The relevant facts of the case are not in dispute. The defendant Board are a body corporate established by Act No. 1962 for the purpose of acquiring Crown lands already alienated, and disposing of them for the purpose of closer settlement, with powers of management pending sale. The land when acquired becomes Crown lands as if it had never been alienated, and all sales and leases of it are made by the Crown, which under the provisions of the Act is expressly treated as being in occupation of the land. The land on which the fire occurred, which is known as Connington's Corner, is a portion of land so acquired, and lay within a fence enclosing about 400 acres. The enclosure was at the time when the fire occurred in the occupation of the Crown, if of any one, except so far as will hereinafter appear. The Board allowed cattle to graze on it on agistment, and part of it was also commonly used as a camping ground for travellers, who apparently had a standing licence to camp there, so far as such licence can be inferred from the absence of objection to their doing so.
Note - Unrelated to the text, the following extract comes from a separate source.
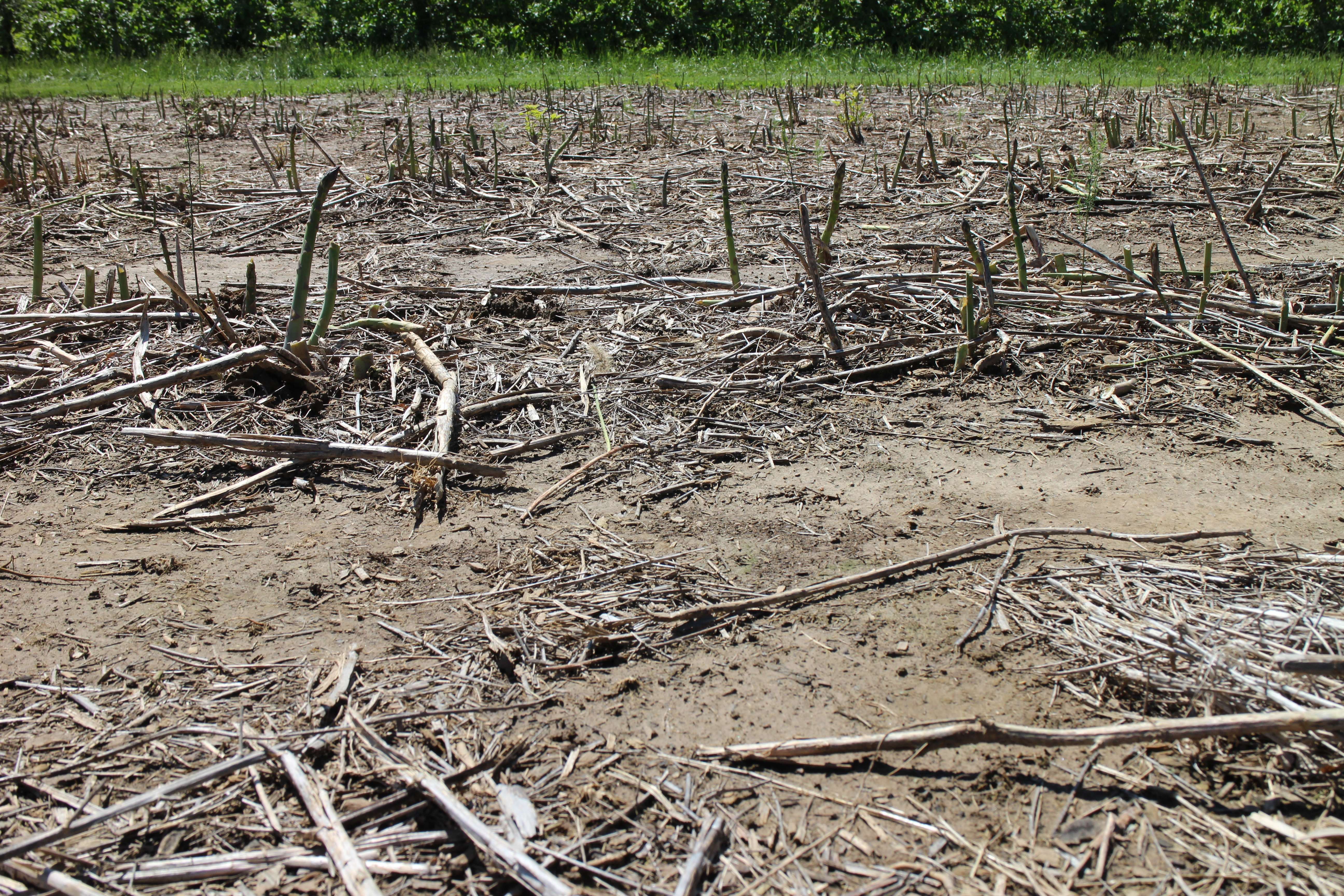 The asparagus field is disorienting to navigate. The gray ground is strewn with decimated stalks of previous seasons, fallen into a wasteland that snaps slightly as you move through it. While there are rows where you’re told to walk, familiar vertical cues are elusive. There are just a few tiny green shoots here and there, poking through the ground, ready to be snapped off and placed in your bucket.

The Commission is another Government instrumentality, which is charged with the duty of constructing and maintaining irrigation and drainage works, for which purpose it employs gangs of labourers. As such operations extend over a considerable distance it is obviously convenient that the men employed upon them should from time to time take up their abode near the particular place where they are working, just as in the case of the construction of railways. And, as that part of the country is sparsely settled, and board and lodging in houses is not generally procurable, it is the practice for the men to live in tents, several men usually pitching their tents near one another. This is called a camp. The existence of such a camp necessarily involves the use of fire for cooking, and in cold weather for warmth, and the fires are of necessity out of doors. This may be taken to be the ordinary actual mode of use in Australia (and I suppose elsewhere) of the land on which such camps are pitched.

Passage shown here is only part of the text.